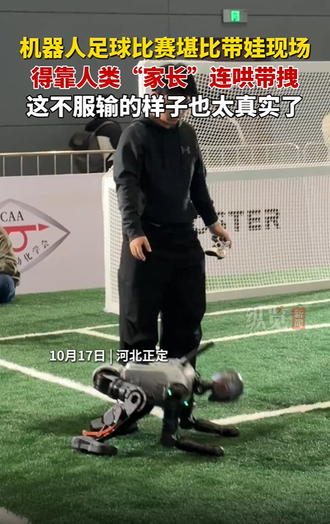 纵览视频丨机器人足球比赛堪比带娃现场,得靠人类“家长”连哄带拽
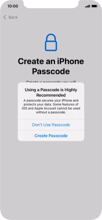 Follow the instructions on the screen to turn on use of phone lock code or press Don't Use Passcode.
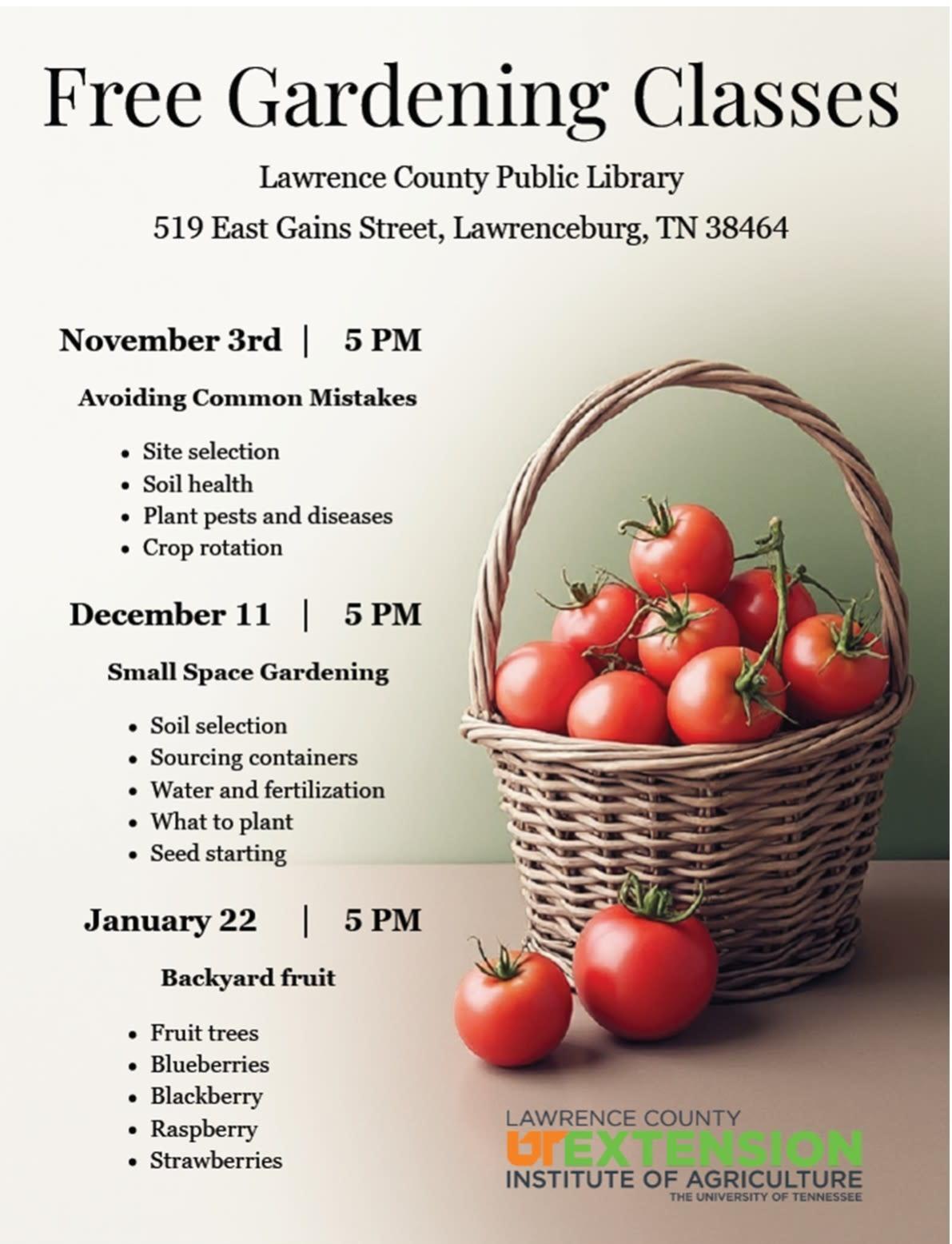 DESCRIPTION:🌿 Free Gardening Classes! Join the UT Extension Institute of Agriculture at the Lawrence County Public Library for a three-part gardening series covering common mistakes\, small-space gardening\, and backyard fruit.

YOUR GOAL
Output the full material above exactly, leaving every picture out.

RESPONSE AREA
 纵览视频丨机器人足球比赛堪比带娃现场,得靠人类“家长”连哄带拽
 Follow the instructions on the screen to turn on use of phone lock code or press Don't Use Passcode.
 DESCRIPTION:🌿 Free Gardening Classes! Join the UT Extension Institute of Agriculture at the Lawrence County Public Library for a three-part gardening series covering common mistakes\, small-space gardening\, and backyard fruit.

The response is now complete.